Serie A

Balanço de inverno, parte 1

Palacio é a maior decepção de uma Inter que produz menos do que pode (ESPN FC)

Eu sei, também estamos com saudades. Mas a bola só volta a rolar na Serie A no dia 5 de janeiro, em virtude da
pausa do campeonato por conta das festividades de fim de ano. Antes de o Campeonato Italiano voltar a agitar os nossos dias, porém, destacamos como as
20 equipes que disputam o torneio estão no atual estágio, na metade da temporada. A nossa análise traz ainda uma projeção do que pode
acontecer com cada uma delas, com base no futebol desempenhado até agora e com potenciais reforços na janela de mercado, aberta durante todo o mês de janeiro. Nosso especial da parada de inverno está
dividido em duas partes, publicadas semanalmente. Neste domingo, apresentamos,
as análises das equipes classificadas da 20ª à 11ª posição, e no próximo, bem pertinho da volta do campeonato, falaremos sobre o restante. Feliz ano novo e boa leitura!
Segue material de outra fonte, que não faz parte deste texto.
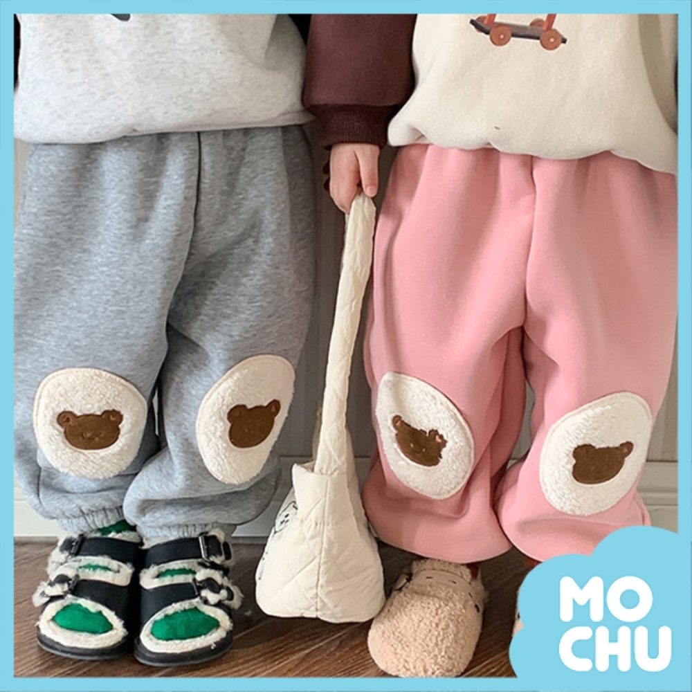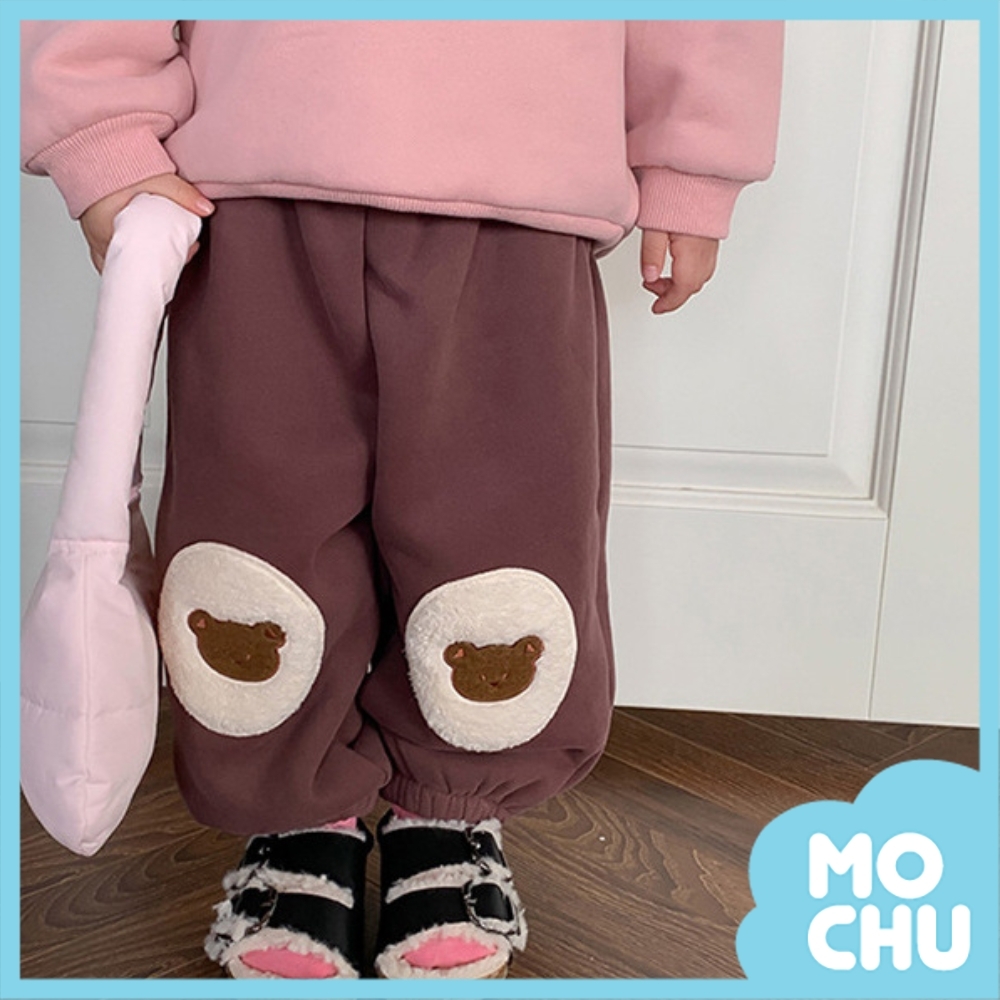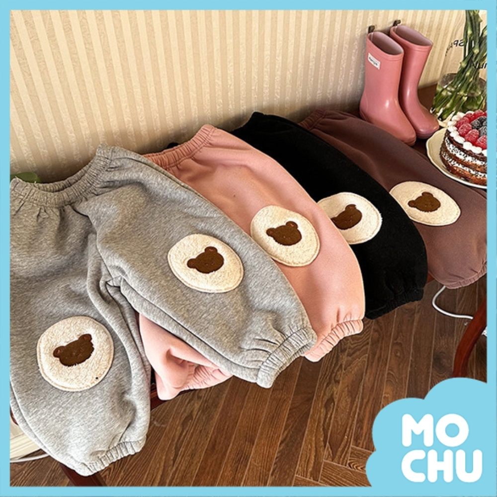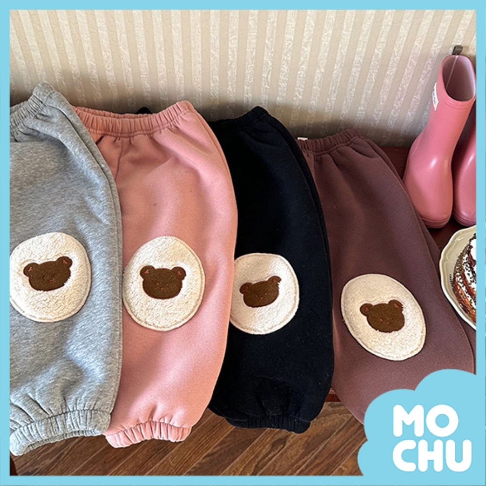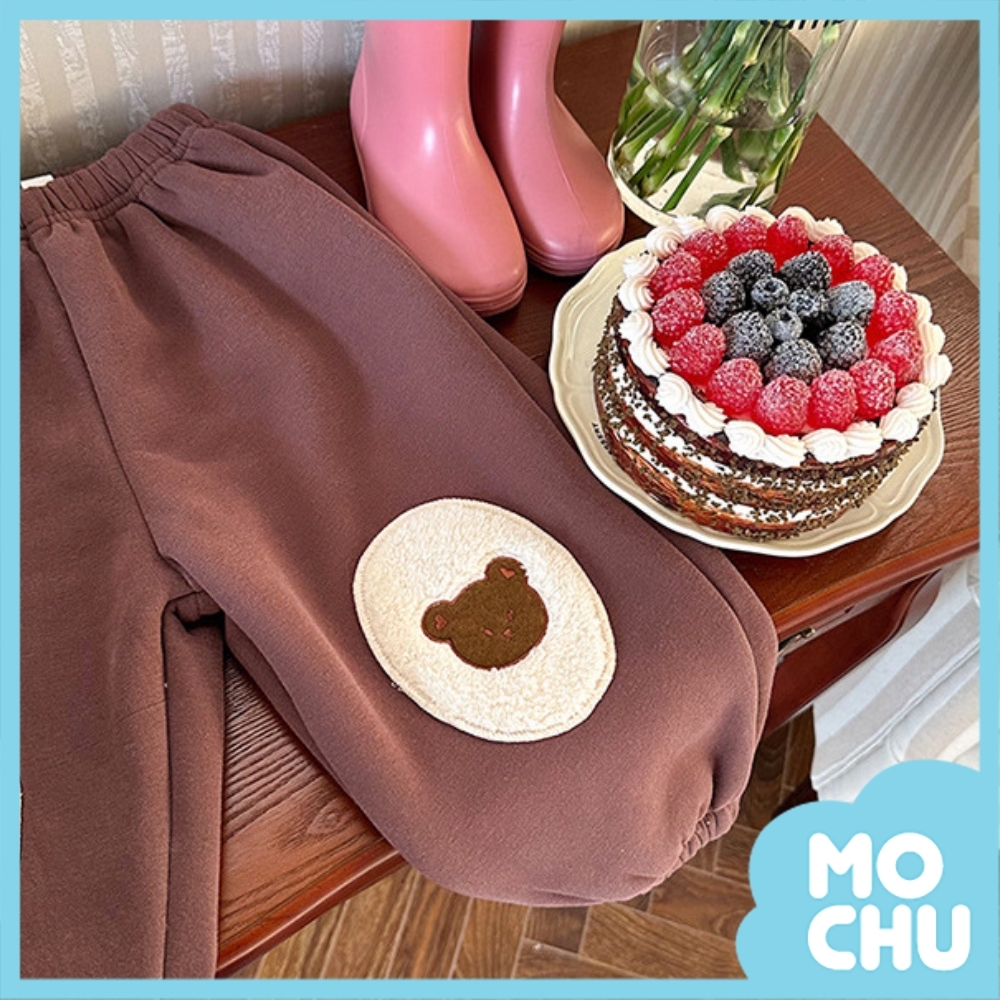 小熊貼布加絨加厚衛褲(三色)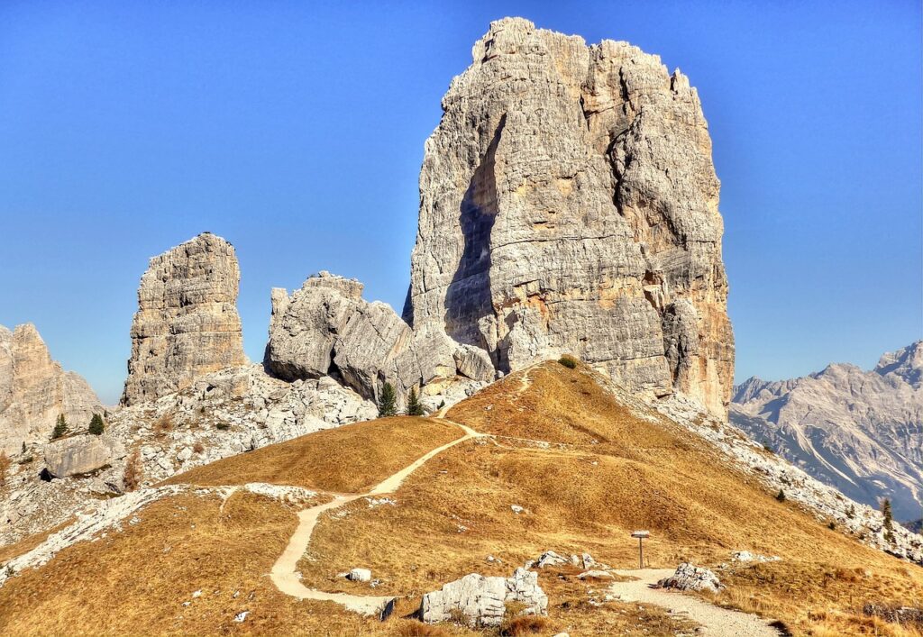Pour ceux qui recherchent des crêtes plus courtes mais extrêmement photogéniques, les Cinque Torri et les arêtes de la Tofana (surtout Tofana di Rozes et Tofana di Mezzo) sont des destinations parfaites. Elles combinent formation rocheuse typique, voies historiques et panoramas sur Cortina d’Ampezzo et ses environs.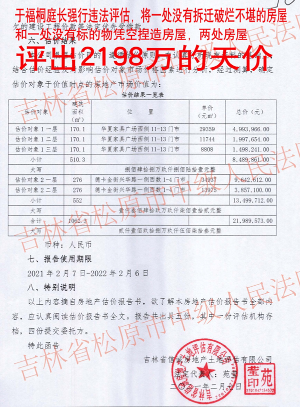 更令人震惊的是评估环节。据德卡公司提供的证据显示,银行原址其中一处华夏棚户区2007年至今已经18年扶余住建局没有拆迁完,导致银行起诉。现房产已"破败不堪、无商业价值",另一处因政府拓宽道路被占没。但于福桐庭长单方委托的评估公司却给出了"天价结论":华夏棚户区门市一层单价达29359元/平方米,在没有标的物的情况下竟凭空评出一层单价34937元/平方米,两处房产评估总价高达2198万余元,远超同地段新建商铺均价。

Publicado também na Trivela.

Parma
20ª posição. 16 jogos, 6 pontos. 2 vitórias, 1 empate, 13 derrotas. 16 gols marcados, 36 sofridos.
Time-base: Mirante; Felipe (Costa), Pedro Mendes, Lucarelli; Rispoli (Santacroce, Ristovski), Acquah, Lodi, José Mauri, Gobbi (De Ceglie); Cassano, Palladino (Coda, Belfodil).
Treinador: Roberto Donadoni
Destaque: Antonio Cassano, atacante
Artilheiro: Antonio Cassano, com 5 gols
Garçom: Massimo Coda, com 3 assistências
Decepção: Francesco Lodi, meia
Maior sequência de vitórias: nenhuma
Maior sequência de derrotas: 6, da 4ª à 9ª rodada
Maior sequência de invencibilidade: nenhuma
Maior sequência sem vencer: 6, da 4ª à 9ª rodada e da 11ª à 16ª
Expectativa: Não ser rebaixado

Sem dúvidas, o Parma é uma das maiores decepções desta temporada. A equipe manteve Cassano, trouxe Lodi mas, principalmente, apostou na volta de empréstimo de vários jogadores que estavam em clubes menores – como medida de economia. Não deu certo. Já se sabia que o clube, antes dirigido por Tommaso Ghirardi, tinha dificuldades financeiras e por isso não tinha investido no mercado, mas não se imaginava que a situação, que custou a vaga na Liga Europa aos crociati, era tão grave. Tão grave que faria o clube perder um ponto, como punição por atraso de salários, e que faria o empresário vender o clube a um grupo russo-cipriota, cujos investidores ainda são desconhecidos.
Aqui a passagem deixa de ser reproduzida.